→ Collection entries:
--- START ---

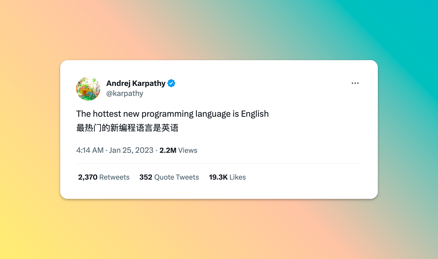 前特斯拉 AI 负责人 Andrej Karpathy(对了,他之前就在 OpenAI,最近二进宫回OpenAI 了) 今年 1 月底,说了这样的一句话:
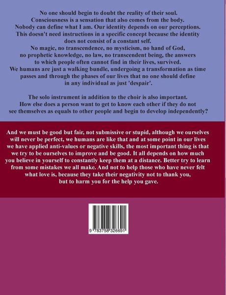 All about Marriage ! No one should begin to doubt the reality of their soul. Consciousness is a sensation that also comes from the body. Nobody can define what I am. Our identity depends on our perceptions. This does not need instructions in a specific concept because the identity does not consist of a constant self. No magic, no transcendence, no mysticism, no hand of God, no prophetic knowledge, no law, no transcendent being, the answers to which people often cannot find in their lives, survived. We humans are just a walking bundle, undergoing a transformation as time passes and through the phases of our lives that no one should define in any individual as just 'despair'.
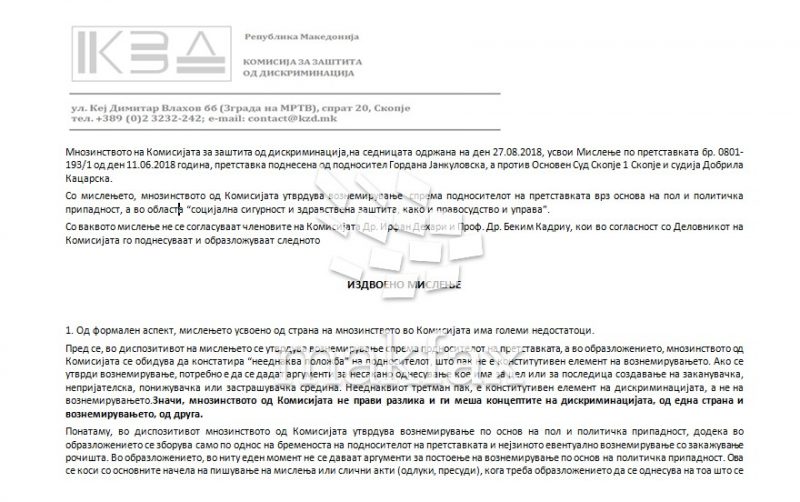 „Да појасниме, полот и политичката припадност се основи на дискриминација, а не области. Во продолжение на диспозитивот, вознемирување се утврдува во областа ‘социјална сигурност и здравствена заштита, како и правосудство и управа’. Да појасниме и ова дека во Основниот суд Скопје 1 не се даваат услуги од социјалната сигурност или здравствената заштита за да се тврди постоење на дискриминација во оваа област. Затоа, во конкретниот случај може да станува збор само за областа ‘правосудство и управа’, нешто што беше кажано и на самата седница на Комисијата“, пишува во документот.
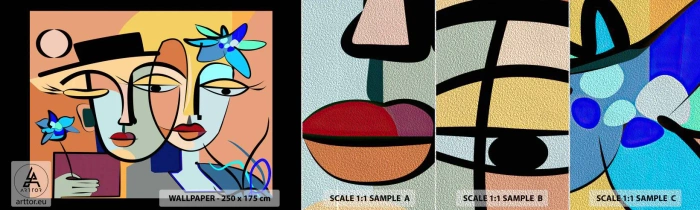 Mostră tapet Premium Sand - Întâlnire cu Picasso - Chipurile, Modern, Cubism - 100x30 cm
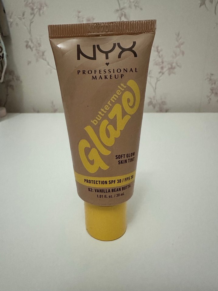 NYX Profesyonel markasına ait buttermelt glaze skin tint’i, pastel bej renginde, SPF 30 korumalı yumuşak ışıltılı kapatma sağlar. ✨ esmer ve buğday tenlilere uygun olacağını düşünüyorum. Ürün orjinaldir, ambalajı hiç açılmadı (yani hava değmedi). Hiç kullanılmamıştır.
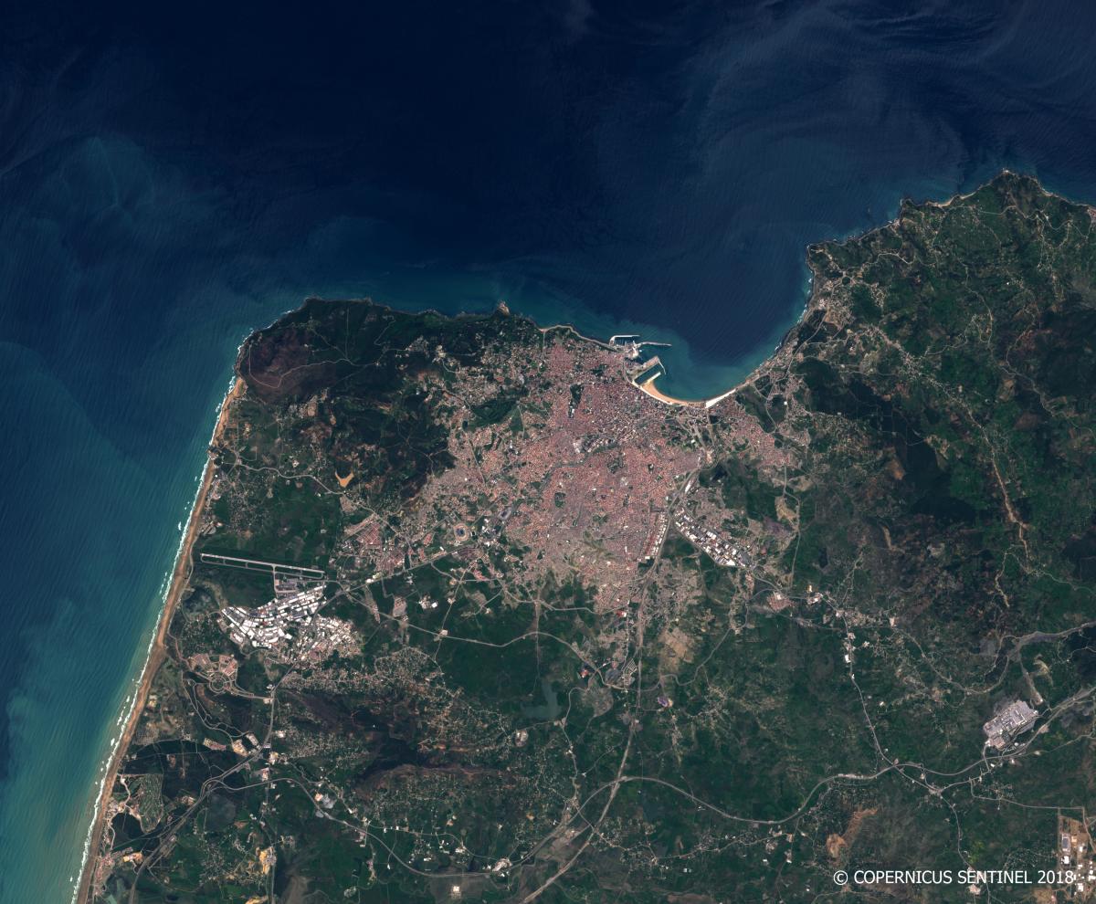 La imagen cubre la ciudad de Tánger y su larga área metropolitana al suroeste del estrecho de Gibraltar. Se despliega sobre un sitio excepcional : una extensa rada orientada al norte y bastante bien abrigada entre litoral rocoso al este y litoral de playas de arena del lado atlántico. Antiguo emporio fenicio y después capital provincial de la Mauritania tingitania (con capital en Tingis), la ciudad fue el objeto de numerosas codicias a lo largo de los siglos. A finales del siglo XIX, esta puerta abierta sobre Marruecos fue el objeto de fuertísimas rivalidades en particular entre Francia y el Segundo Imperio Alemán.

--- END ---

→ PROBLEM STATEMENT: Give every record again word for word, pictures excluded.

→ TASK OUTPUT:
 前特斯拉 AI 负责人 Andrej Karpathy(对了,他之前就在 OpenAI,最近二进宫回OpenAI 了) 今年 1 月底,说了这样的一句话:
 All about Marriage ! No one should begin to doubt the reality of their soul. Consciousness is a sensation that also comes from the body. Nobody can define what I am. Our identity depends on our perceptions. This does not need instructions in a specific concept because the identity does not consist of a constant self. No magic, no transcendence, no mysticism, no hand of God, no prophetic knowledge, no law, no transcendent being, the answers to which people often cannot find in their lives, survived. We humans are just a walking bundle, undergoing a transformation as time passes and through the phases of our lives that no one should define in any individual as just 'despair'.
 „Да појасниме, полот и политичката припадност се основи на дискриминација, а не области. Во продолжение на диспозитивот, вознемирување се утврдува во областа ‘социјална сигурност и здравствена заштита, како и правосудство и управа’. Да појасниме и ова дека во Основниот суд Скопје 1 не се даваат услуги од социјалната сигурност или здравствената заштита за да се тврди постоење на дискриминација во оваа област. Затоа, во конкретниот случај може да станува збор само за областа ‘правосудство и управа’, нешто што беше кажано и на самата седница на Комисијата“, пишува во документот.
 Mostră tapet Premium Sand - Întâlnire cu Picasso - Chipurile, Modern, Cubism - 100x30 cm
 NYX Profesyonel markasına ait buttermelt glaze skin tint’i, pastel bej renginde, SPF 30 korumalı yumuşak ışıltılı kapatma sağlar. ✨ esmer ve buğday tenlilere uygun olacağını düşünüyorum. Ürün orjinaldir, ambalajı hiç açılmadı (yani hava değmedi). Hiç kullanılmamıştır.
 La imagen cubre la ciudad de Tánger y su larga área metropolitana al suroeste del estrecho de Gibraltar. Se despliega sobre un sitio excepcional : una extensa rada orientada al norte y bastante bien abrigada entre litoral rocoso al este y litoral de playas de arena del lado atlántico. Antiguo emporio fenicio y después capital provincial de la Mauritania tingitania (con capital en Tingis), la ciudad fue el objeto de numerosas codicias a lo largo de los siglos. A finales del siglo XIX, esta puerta abierta sobre Marruecos fue el objeto de fuertísimas rivalidades en particular entre Francia y el Segundo Imperio Alemán.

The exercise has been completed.